The sudden and unexpected deaths of his close friends, actors Michael K. Williams and Craig “muMs” Grant, compounded the depth of darkness and isolation that he described as “emotional roller coasters.” Royo said that led him to “get ‘Leaving Las Vegas’ for a minute,” referencing the 1995 Nicolas Cage film about a screenwriter who moves to Sin City to drink himself to death.
The actor did not seek professional help for his drinking problem and does not point to a specific event that led to his decision to sober up.
“For the real addicts and all, there’s no bottom, it’s a combination of just hits that you take… There came a time where I had to stop. I felt like I was going in one direction and only one direction. And I didn’t want to go that way. I loved acting too much to throw it all away.”
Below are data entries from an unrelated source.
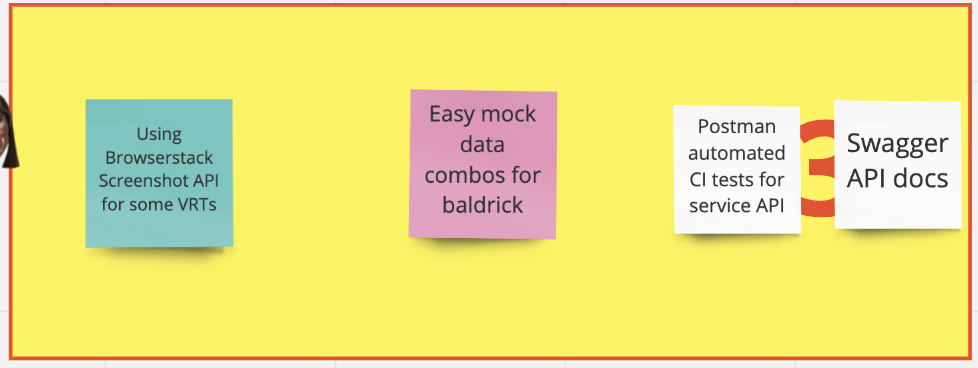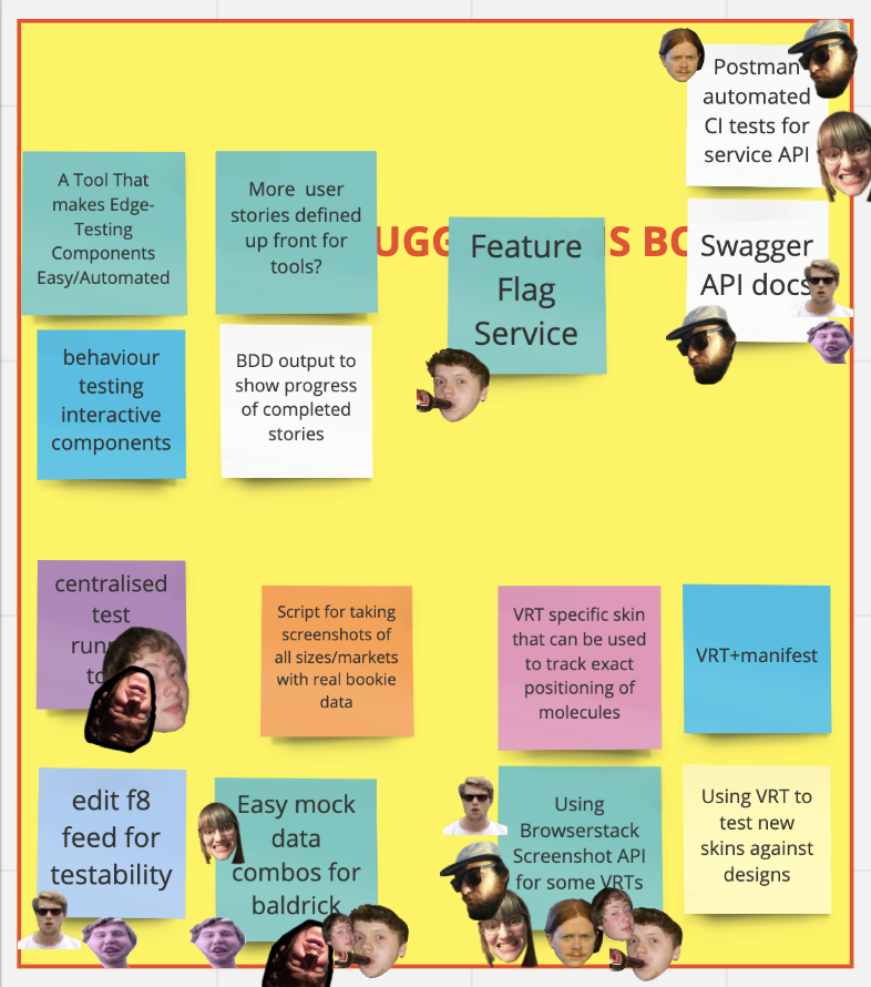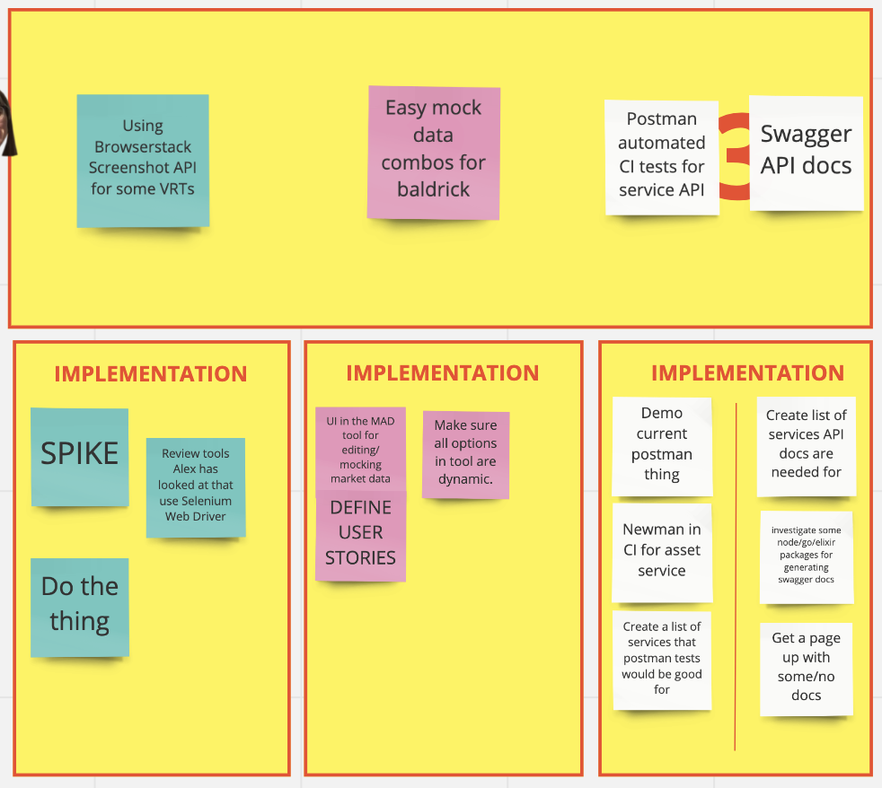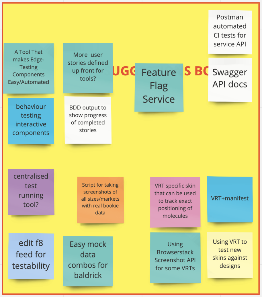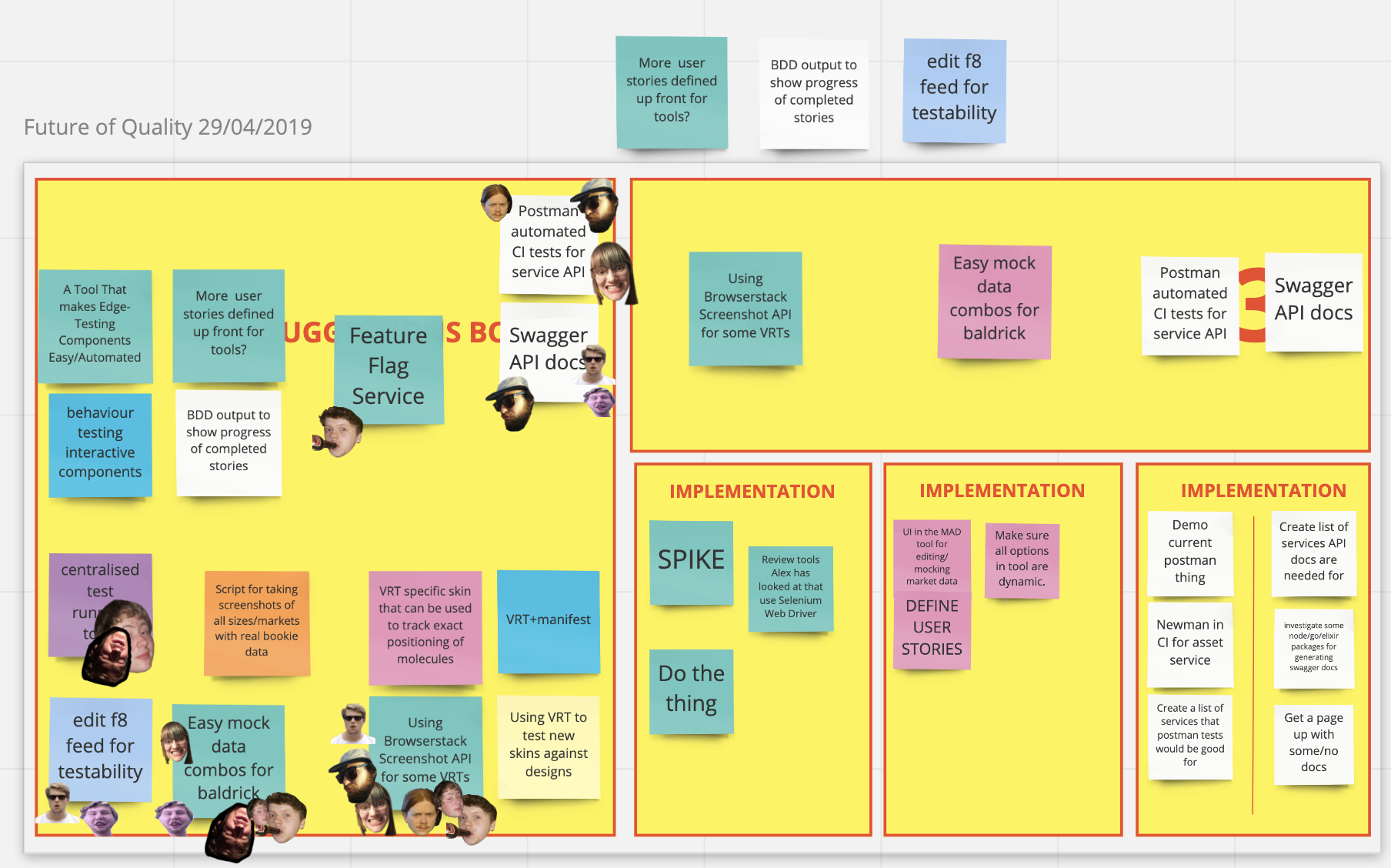 Top left was behaviour related things, top right API testing, bottom right tasks around the Visual Regression Tests, bottom left was mock data for test and dev. Then there’s some misc ones, eg a centralised testing tool and feature flagging.
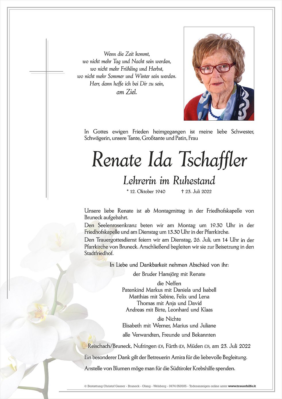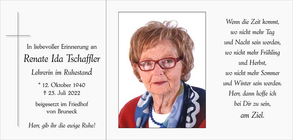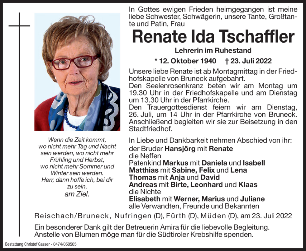 Den Trauergottesdienst feiern wir am Dienstag, 26. Juli, um 14 Uhr in der Pfarrkirche von Bruneck. Anschließend begleiten wir sie zur Beisetzung in den Stadtfriedhof.
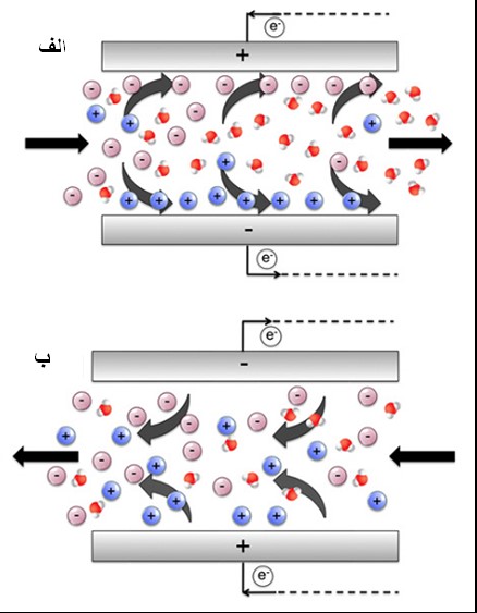 شکل 4 : سیستم یون زدای خازنی الف) جذب یونها و تولید آب شیرین ب ) باززایی یون زدای خازنی و دفع یونهای جذب شده با تغییر جریان الکتریکی [2].
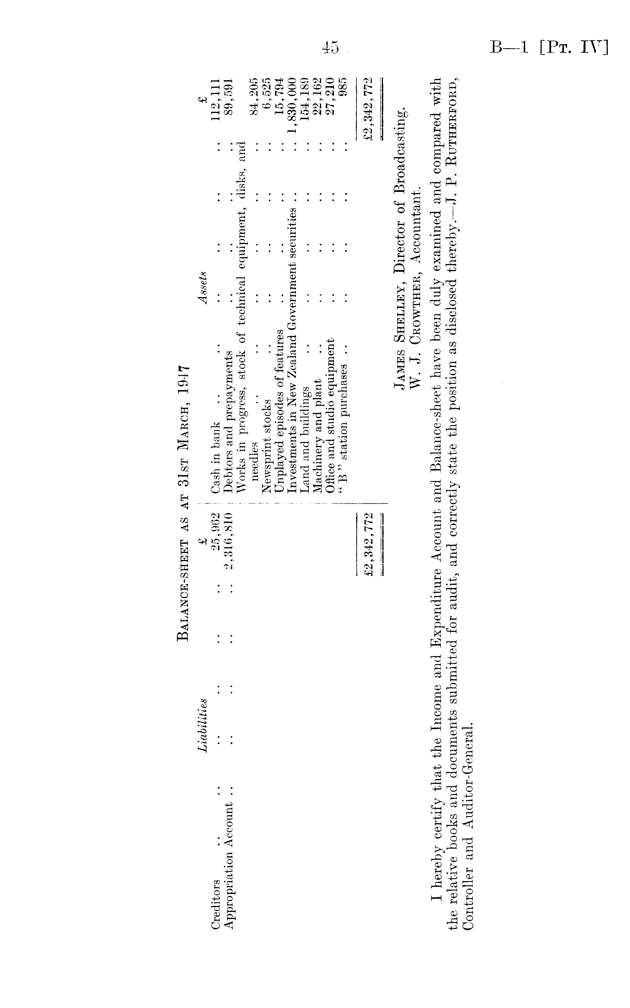 Balance-sheet as at 31st March, 1947 Liabilities £ Assets £ Creditors .. .. .. .. .. .. 25,962 Cash in bank .. .. .. .. .. .. 112,111 Appropriation Account .. .. .. .. .. 2,316,810 Debtors and prepayments .. .. .. .. 89,591 Works in progress, stock of technical equipment, disks, and needles .. .. .. .. .. .. 84,205 Newsprint stocks .. .. .. .. .. 6,525 Unplayed episodes of features .. .. .. .. 15,794 Investments in New Zealand Government securities .. .. 1,830,000 Land and buildings .. .. .. .. .. 154,189 Machinery and plant .. ~ .. .. .. 22,162 Office and studio equipment .. .. .. .. 27,210 " B " station purchases .. .. .. .. .. 985 £2,342,772 £2,342,772 James Shelley, Director of Broadcasting. W. J. Crowther, Accountant. I hereby certify that the Income and Expenditure Account and Balance-sheet have been duly examined and compared with the relative books and documents submitted for audit, and correctly state the position as disclosed thereby.— J. P. Rutherford, Controller and Auditor-General.
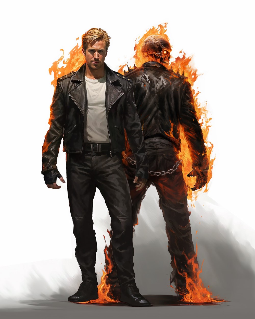 В Сеть утек слух, что Райан Гослинг может сыграть Призрачного гонщика в фильмах киновселенной Marvel. Один талантливый художник на фоне этого создал огненный фан-арт со звездой «Барби» (2023) и «Бегущего по лезвию 2049» (2017) в образе Джонни Блэйза.
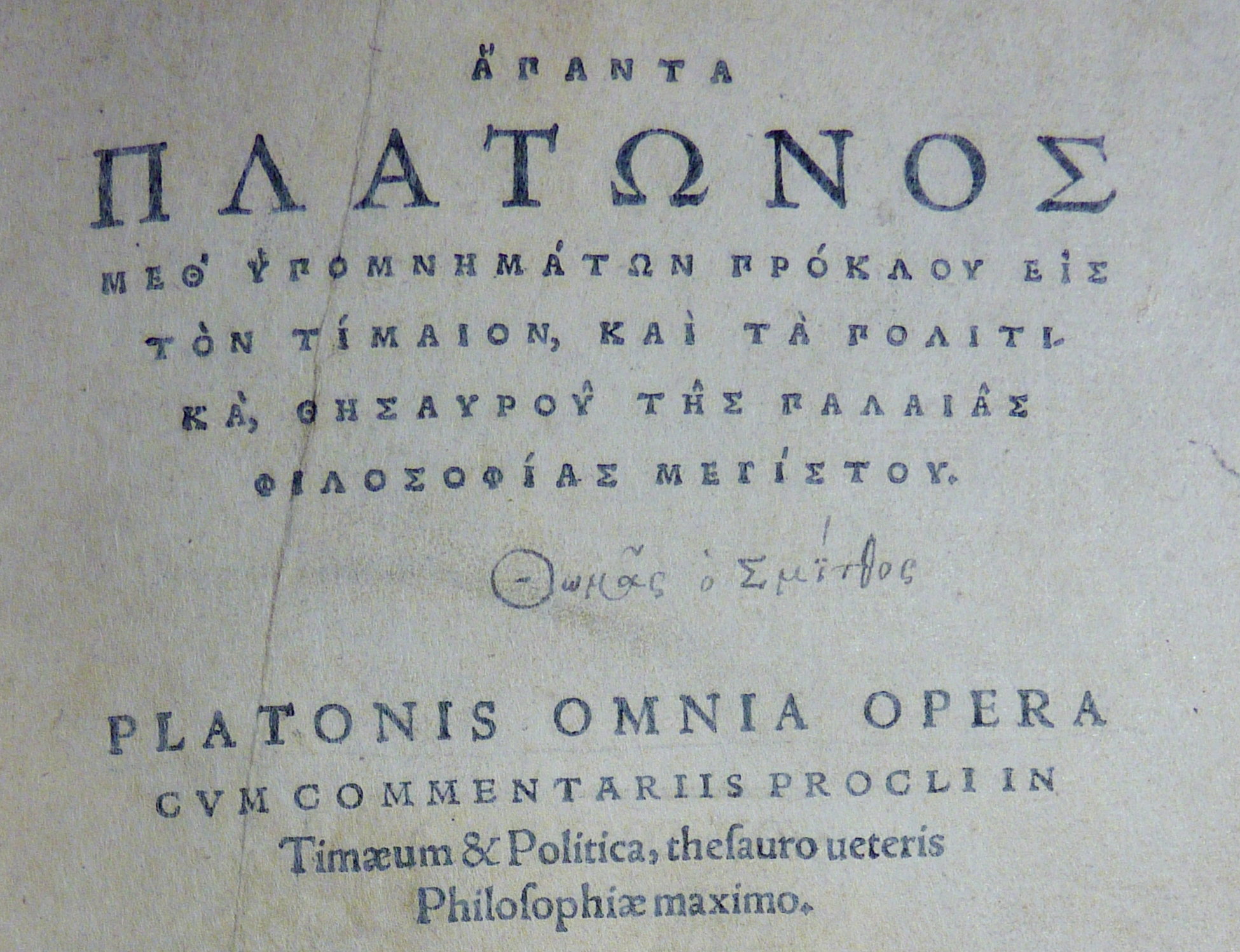 Title page of “Hapanta Platōnos … Platonis Omnia opera” with the signature of Sir Thomas Smith
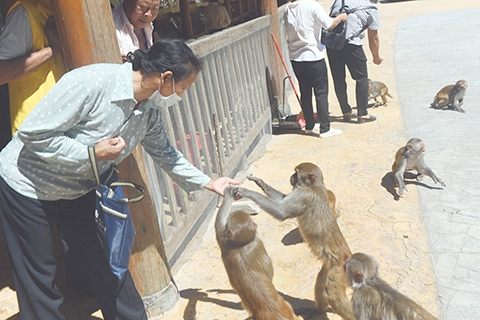 遊客在廣西巴臘屯巴臘猴山景區喂猴子
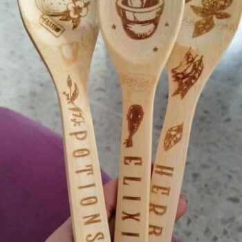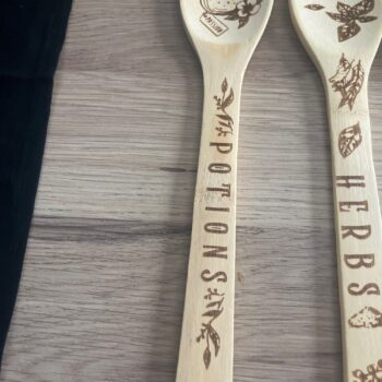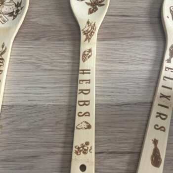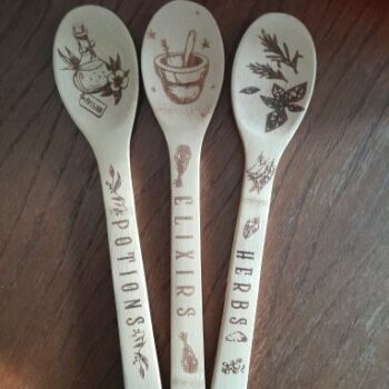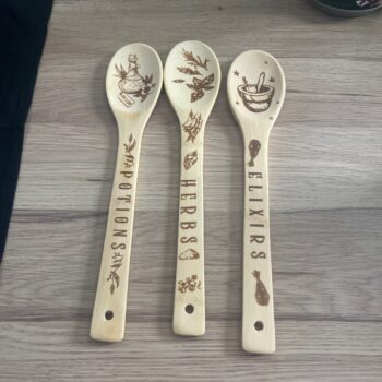 These spoons are simply enchanting! The wood-burning designs featuring witches and potions add a unique touch to my kitchen. They're not only decorative but also functional for cooking. Highly recommend!
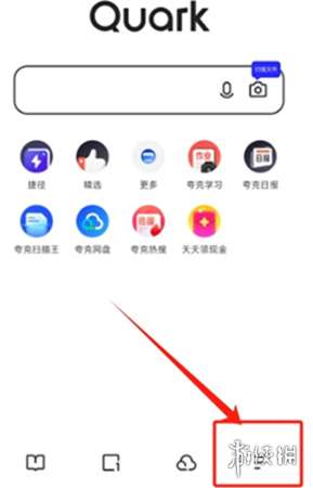 1、首先打开夸克浏览器,点击右下角的三横线图标。
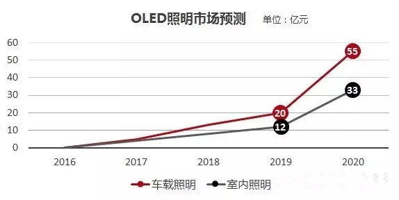 UBI 調(diào)研機(jī)構(gòu)2最新發(fā)布的 OLED 照明年度報(bào)告顯示2016年 OLED 車載照明面板的市場(chǎng)份額大約只有2000萬(wàn)元,但從2017年開(kāi)始將迅速增長(zhǎng),并超過(guò)OLED室內(nèi)照明市場(chǎng),預(yù)計(jì)到2019年OLED車載照明市場(chǎng)份額將達(dá)到20億元。
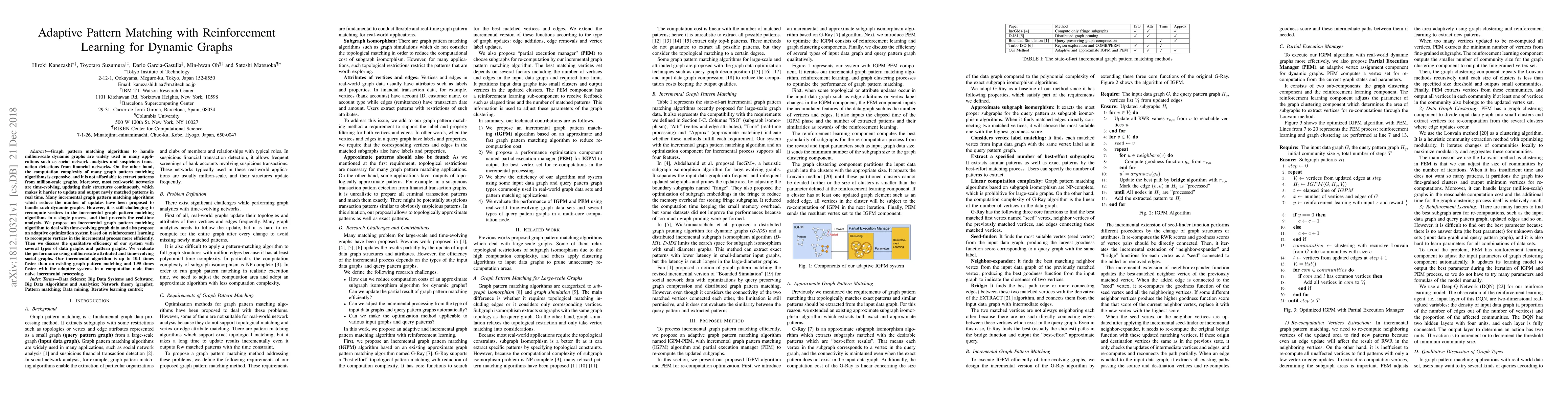 This paper proposes an adaptive pattern matching algorithm using reinforcement learning for incremental updates in dynamic graphs, significantly improving efficiency over existing methods. The proposed system achieves up to 10.1 times faster performance on million-scale social graphs compared to traditional approaches.
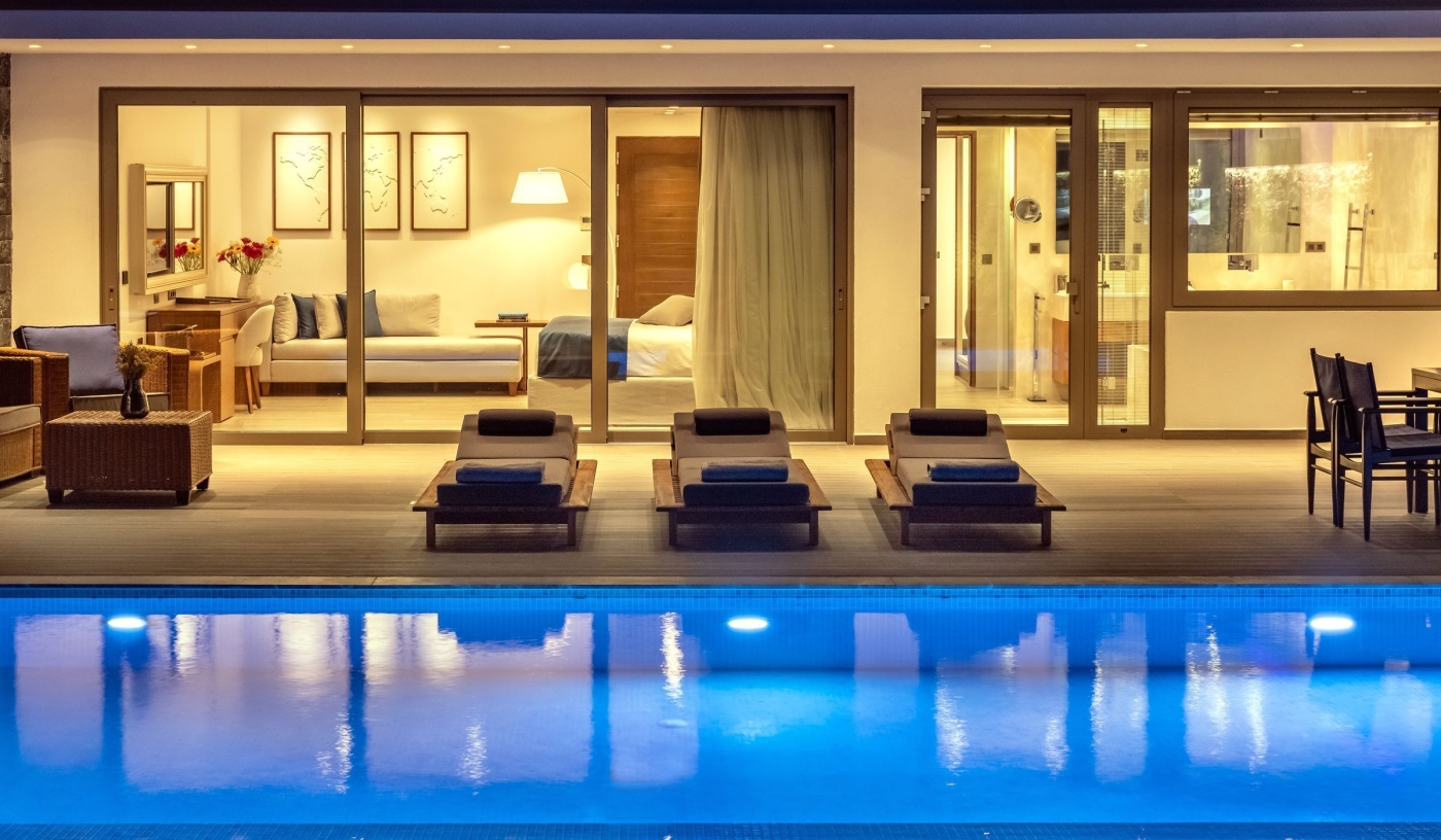 Even the lead-in suites include private salt-water pools, outdoor dining and sun loungers set for long hours beside the water.
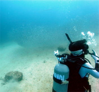 | 深いところはちょっぴり冷たかったですが 生物はさまざまHOTな 柏島です! |
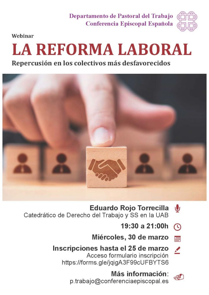 El Departamento de Pastoral del Trabajo ha creído conveniente programar esta webinar para conocer y profundizar en la actual reforma laboral fruto de la recuperación del dialogo social. Para ello contamos con D. Eduardo Rojo Torrecilla, Catedrático de Derecho del Trabajo y Seguridad Social en la Universidad Autónoma de Barcelona (UAB).

When Royo told Bogosian that he wanted to find his joy again on the New York stage, the playwright suggested that he star in “Drinking In America.” He was at first hesitant to take on a “heavy job.”
“But I said to myself, ‘I’d rather liquor and drinking be part of my art than in my liver,’” he said.

An alumnus of HB Studio and The American Academy of Dramatic Arts in Manhattan, Royo’s previous stage credits include Off-Broadway productions of “The Tempest” and special Broadway productions of “The 24 Hour Plays.” His most recent stage performance was for LAByrinth Theater Company’s “A View From 151st Street” in 2007.
“I thought maybe this would be my little way of taking all the things I’ve been through, all the things I’ve been through with liquor, and using it,” he said of his return to the stage. “One of the best things about being an actor is that you can use all or most of the stuff you go through and have a place to put it, so it doesn’t sit inside you and start to affect you.”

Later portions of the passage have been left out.